DATA RECORDS |

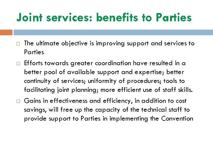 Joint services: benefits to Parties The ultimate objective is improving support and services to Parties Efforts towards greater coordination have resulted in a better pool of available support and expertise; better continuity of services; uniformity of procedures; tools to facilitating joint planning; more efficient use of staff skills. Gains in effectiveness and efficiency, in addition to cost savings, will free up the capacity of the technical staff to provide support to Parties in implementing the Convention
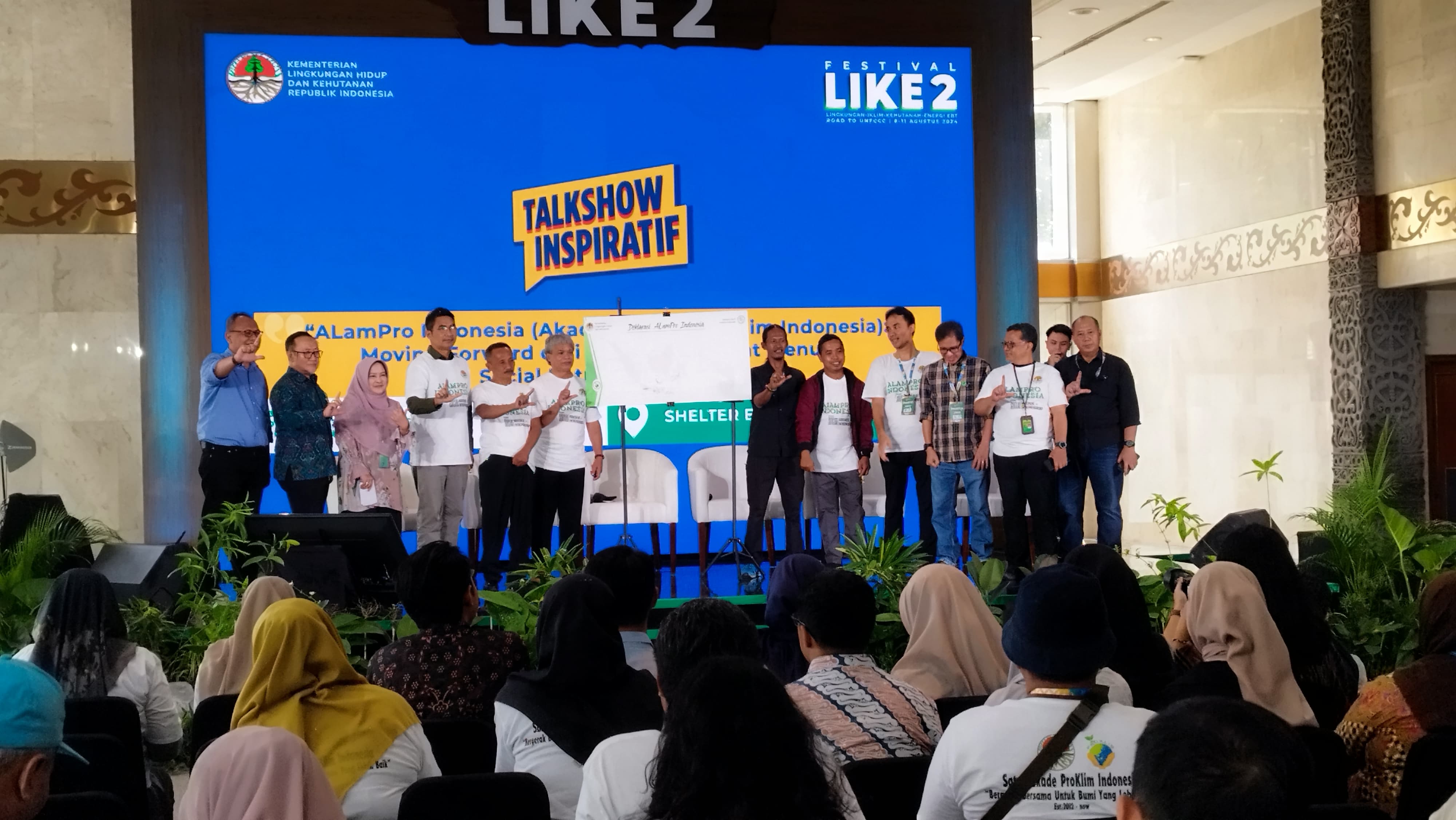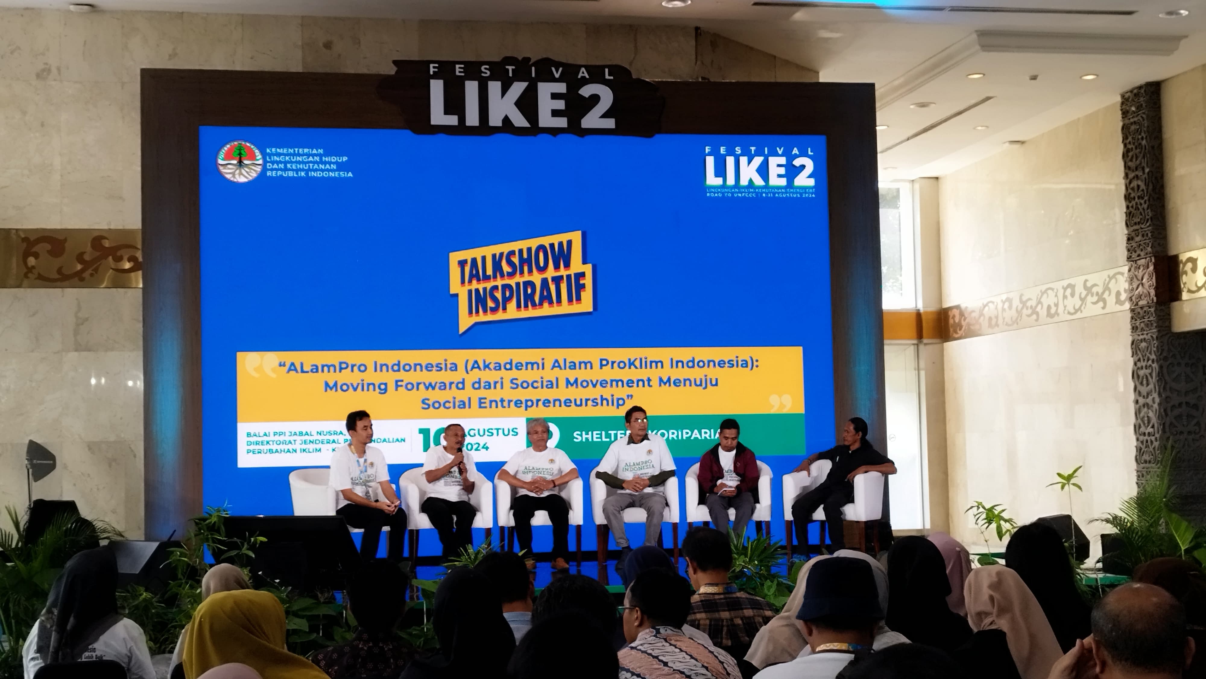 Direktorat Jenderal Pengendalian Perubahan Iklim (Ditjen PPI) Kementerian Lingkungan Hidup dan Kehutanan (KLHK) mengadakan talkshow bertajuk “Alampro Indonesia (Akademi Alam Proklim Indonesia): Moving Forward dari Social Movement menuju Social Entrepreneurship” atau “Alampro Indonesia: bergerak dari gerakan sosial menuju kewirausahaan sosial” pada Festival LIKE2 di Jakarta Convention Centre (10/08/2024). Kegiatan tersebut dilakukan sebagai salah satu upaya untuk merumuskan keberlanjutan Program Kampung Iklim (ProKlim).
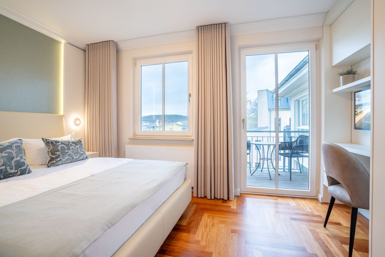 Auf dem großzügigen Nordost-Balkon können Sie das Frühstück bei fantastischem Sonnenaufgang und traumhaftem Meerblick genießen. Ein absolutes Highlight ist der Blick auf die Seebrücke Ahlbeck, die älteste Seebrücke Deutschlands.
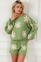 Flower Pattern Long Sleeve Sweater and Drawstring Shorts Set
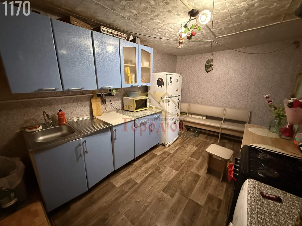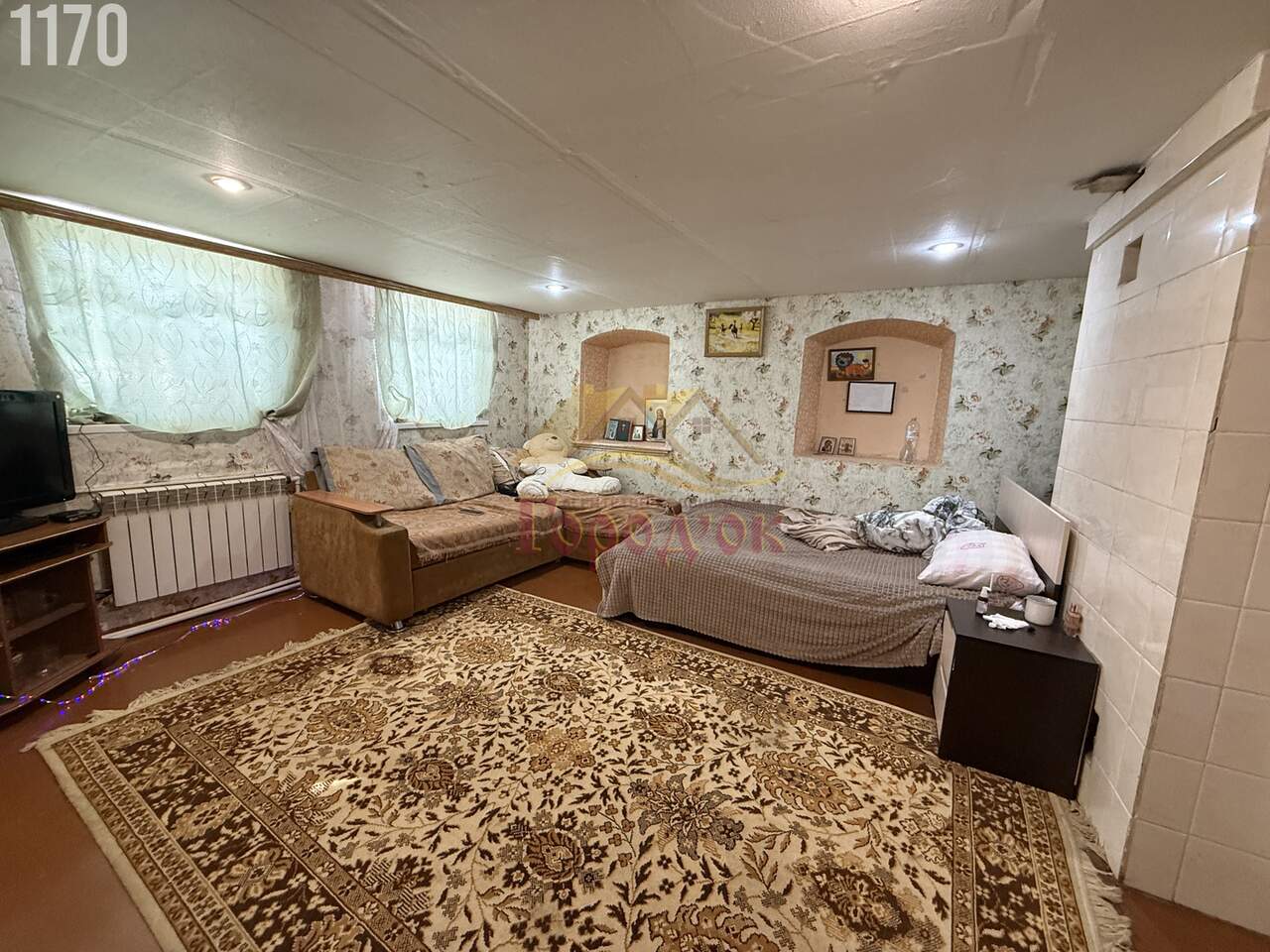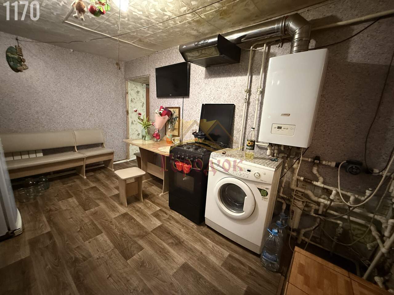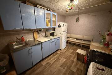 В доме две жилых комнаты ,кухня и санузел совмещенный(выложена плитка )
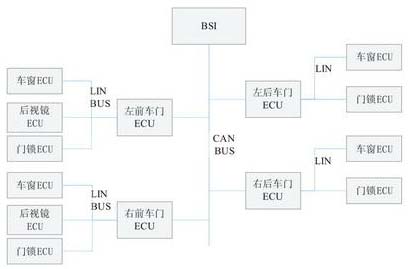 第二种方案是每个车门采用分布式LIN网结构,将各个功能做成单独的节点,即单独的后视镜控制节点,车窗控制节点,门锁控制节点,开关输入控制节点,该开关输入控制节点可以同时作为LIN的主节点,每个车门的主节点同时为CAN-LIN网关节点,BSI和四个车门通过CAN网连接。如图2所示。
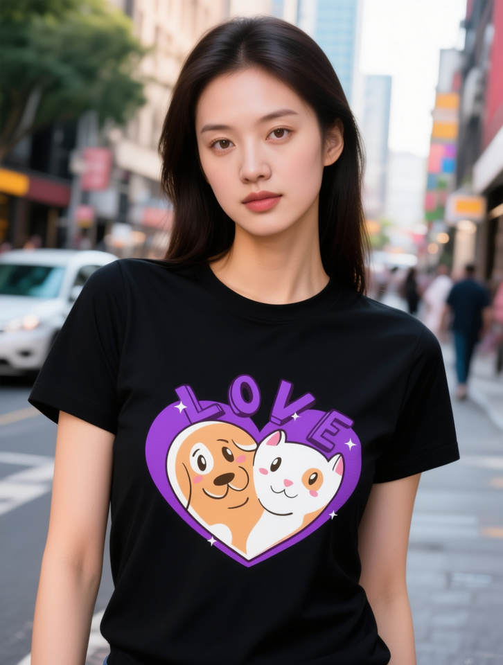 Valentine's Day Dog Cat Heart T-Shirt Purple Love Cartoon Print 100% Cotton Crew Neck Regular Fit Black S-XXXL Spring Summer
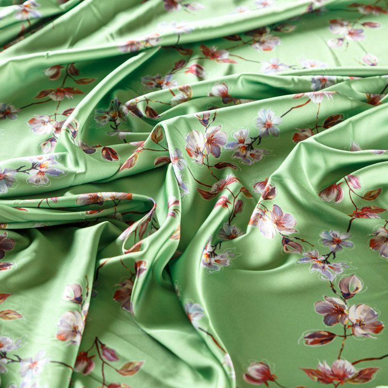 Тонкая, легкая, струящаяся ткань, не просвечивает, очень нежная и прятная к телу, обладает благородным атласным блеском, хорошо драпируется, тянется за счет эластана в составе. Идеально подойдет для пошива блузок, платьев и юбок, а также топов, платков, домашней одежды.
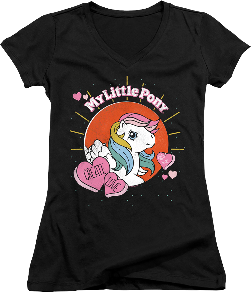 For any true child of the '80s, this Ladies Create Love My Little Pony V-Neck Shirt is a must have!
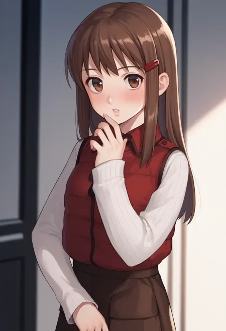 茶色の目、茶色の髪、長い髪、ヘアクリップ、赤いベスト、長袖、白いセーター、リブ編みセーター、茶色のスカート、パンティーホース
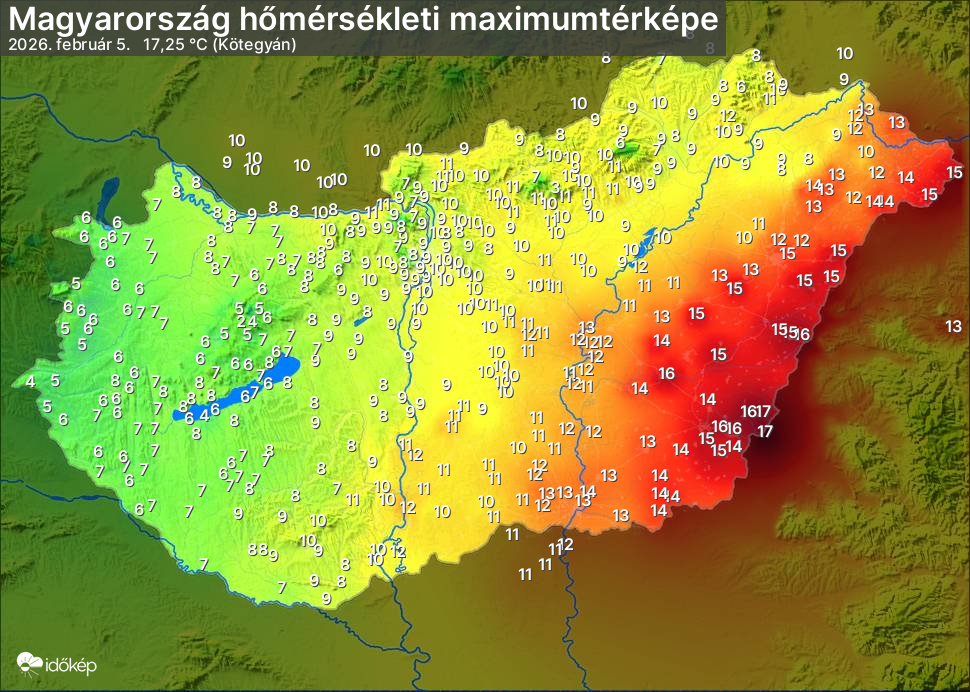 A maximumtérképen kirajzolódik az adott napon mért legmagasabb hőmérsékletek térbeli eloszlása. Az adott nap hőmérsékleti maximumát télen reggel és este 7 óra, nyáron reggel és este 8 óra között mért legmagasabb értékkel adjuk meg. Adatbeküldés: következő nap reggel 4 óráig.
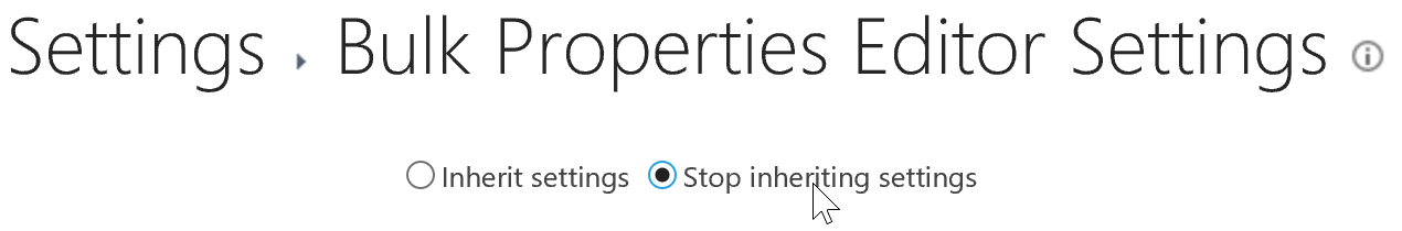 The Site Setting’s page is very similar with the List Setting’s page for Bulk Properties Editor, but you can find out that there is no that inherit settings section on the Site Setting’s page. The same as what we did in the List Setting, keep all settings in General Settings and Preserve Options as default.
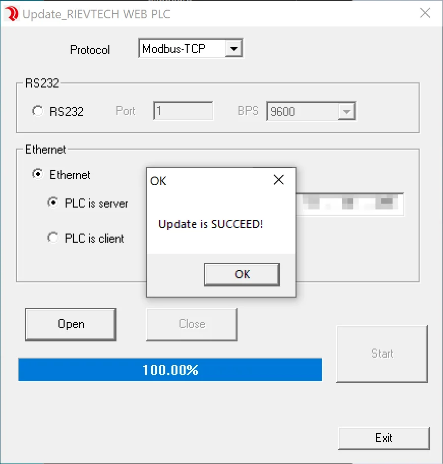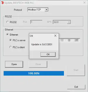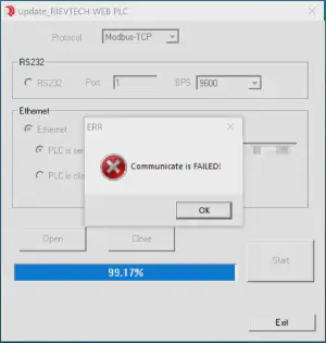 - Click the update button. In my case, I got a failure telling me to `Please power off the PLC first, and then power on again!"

ABOUT THIS TASK | Leaving the pictures out, set down exactly the lines from the one with "第二种方案是每个车门采用分布" through the end of the records.

SOLUTION BELOW |
 第二种方案是每个车门采用分布式LIN网结构,将各个功能做成单独的节点,即单独的后视镜控制节点,车窗控制节点,门锁控制节点,开关输入控制节点,该开关输入控制节点可以同时作为LIN的主节点,每个车门的主节点同时为CAN-LIN网关节点,BSI和四个车门通过CAN网连接。如图2所示。
 Valentine's Day Dog Cat Heart T-Shirt Purple Love Cartoon Print 100% Cotton Crew Neck Regular Fit Black S-XXXL Spring Summer
 Тонкая, легкая, струящаяся ткань, не просвечивает, очень нежная и прятная к телу, обладает благородным атласным блеском, хорошо драпируется, тянется за счет эластана в составе. Идеально подойдет для пошива блузок, платьев и юбок, а также топов, платков, домашней одежды.
 For any true child of the '80s, this Ladies Create Love My Little Pony V-Neck Shirt is a must have!
 茶色の目、茶色の髪、長い髪、ヘアクリップ、赤いベスト、長袖、白いセーター、リブ編みセーター、茶色のスカート、パンティーホース
 A maximumtérképen kirajzolódik az adott napon mért legmagasabb hőmérsékletek térbeli eloszlása. Az adott nap hőmérsékleti maximumát télen reggel és este 7 óra, nyáron reggel és este 8 óra között mért legmagasabb értékkel adjuk meg. Adatbeküldés: következő nap reggel 4 óráig.
 The Site Setting’s page is very similar with the List Setting’s page for Bulk Properties Editor, but you can find out that there is no that inherit settings section on the Site Setting’s page. The same as what we did in the List Setting, keep all settings in General Settings and Preserve Options as default.
 - Click the update button. In my case, I got a failure telling me to `Please power off the PLC first, and then power on again!"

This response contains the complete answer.